House Republicans said they would consider supporting an increase in the credit.

The Glendening administration wants the Maryland legislature to provide state-subsidized health coverage for more than 19,000 children in working families.

The proposal backed by House Speaker Casper R. Taylor Jr., Allegany Democrat, and Senate leaders seeks to build on a 2-year-old program that insures 63,000 children and pregnant women.

Under the legislation, which the Senate Finance Committee considered Wednesday, the state would extend coverage beginning in July 2001 to thousands of families earning between $33,000 and $50,000 at an annual cost to the state of about $7 million.

The measure would allow the state to pay a worker's share of the premiums for employer-provided insurance, something only three other states do.

Everyone enrolled in the Children and Families Health Care Program is covered by managed care organizations that contract directly with the state.

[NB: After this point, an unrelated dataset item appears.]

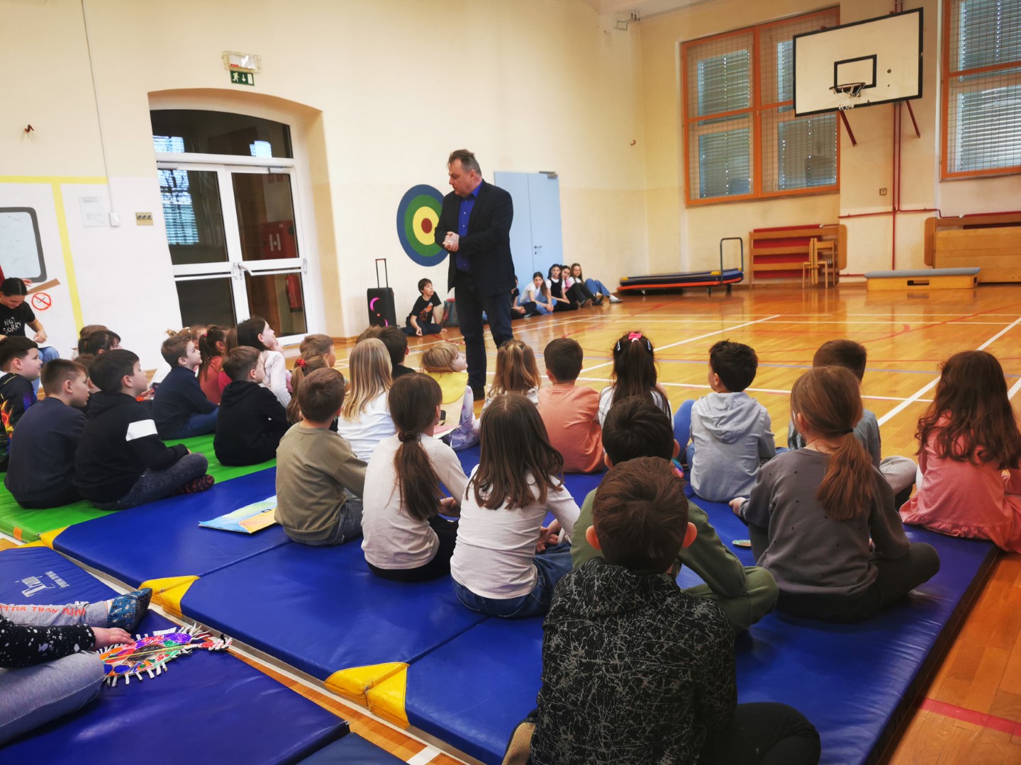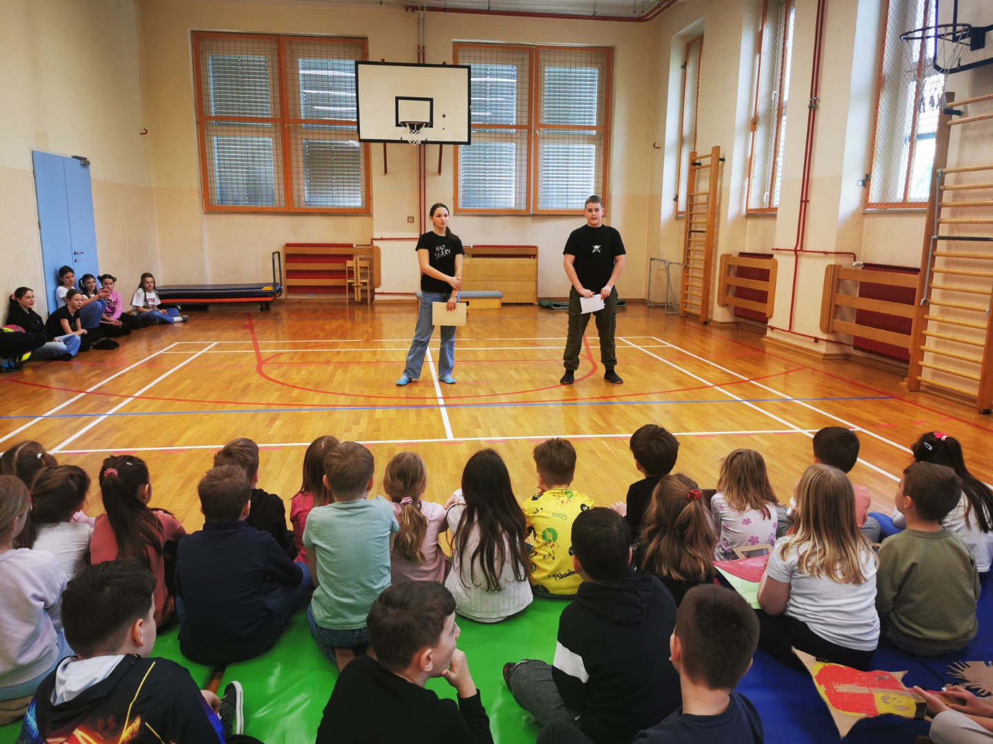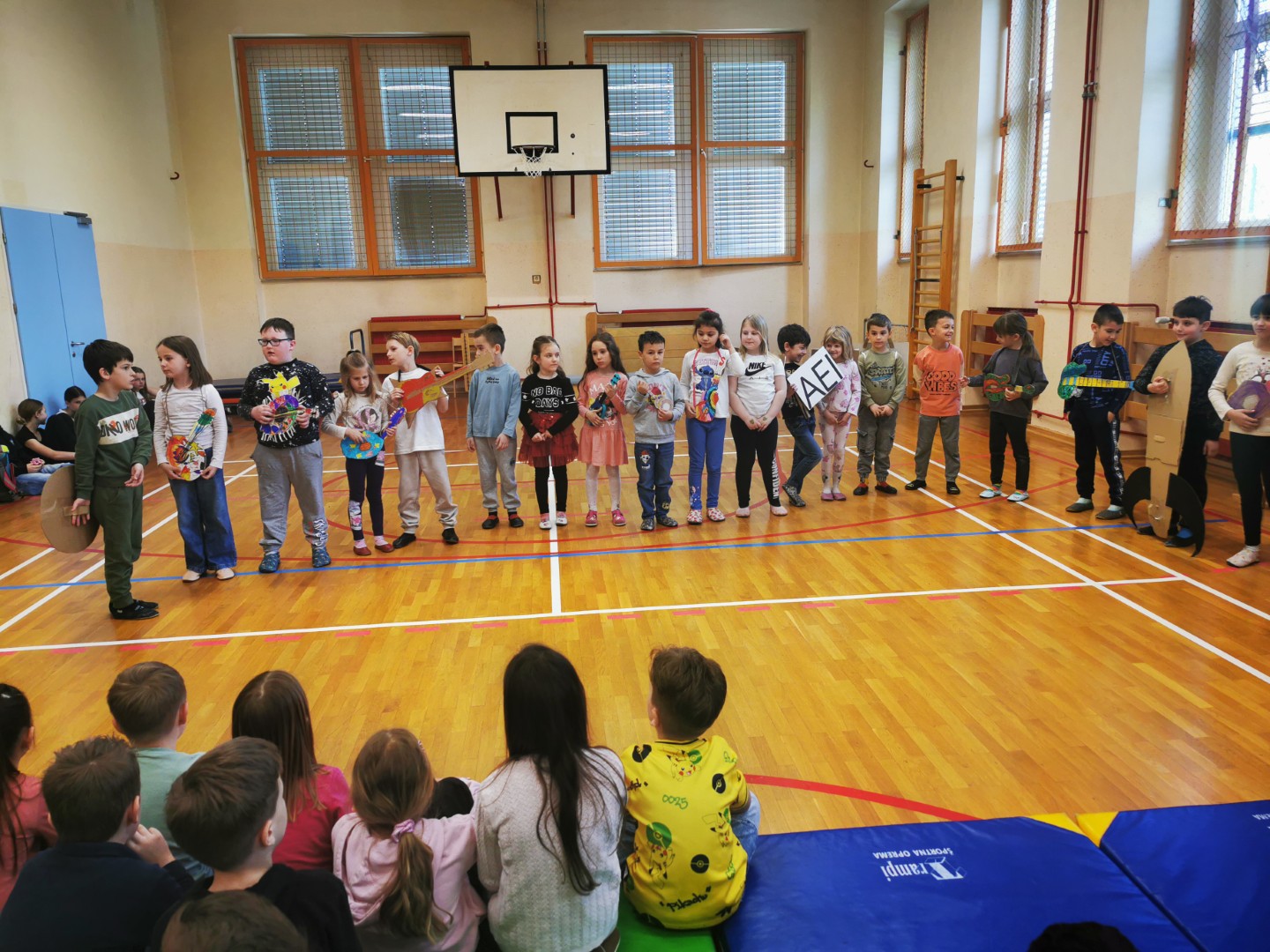 V petek, 11. 4. 2025, smo na šoli pripravili sprejem prvošolcev v skupnost učencev šole. Pozdravil in nagovoril jih je predsednik šolske skupnosti Gašper Eržen. Učenci 6. b pa so jim odigrali kratko uprizoritev na temo prvega šolskega dne. Preden smo sprejeli prvošolce, so se morali dokazati. Sodelovali so v kvizu in tako dokazali, da že dobro poznajo Mladiko.

The proposed expansion would cost about $30 million a year. The federal government would provide about $13 million, with the state contributing $7 million. The rest would come from premiums paid by the families covered.

Under the bill, thousands of families newly enrolled in the program would pay premiums ranging from $37 to $46 per month, which would bring in about $10 million.

"There's overwhelming support for expanding coverage to children," said Debbie I. Chang, deputy health secretary. "It's just a question of how to do it."

The only significant opposition to the bill Thursday came from anti-abortion advocates, who said expanding coverage of pregnant women would lead to more state-funded abortions. Richard Dowling, lobbyist for the Maryland Catholic Conference, said, "[The bill] is a vehicle that would greatly increase abortions."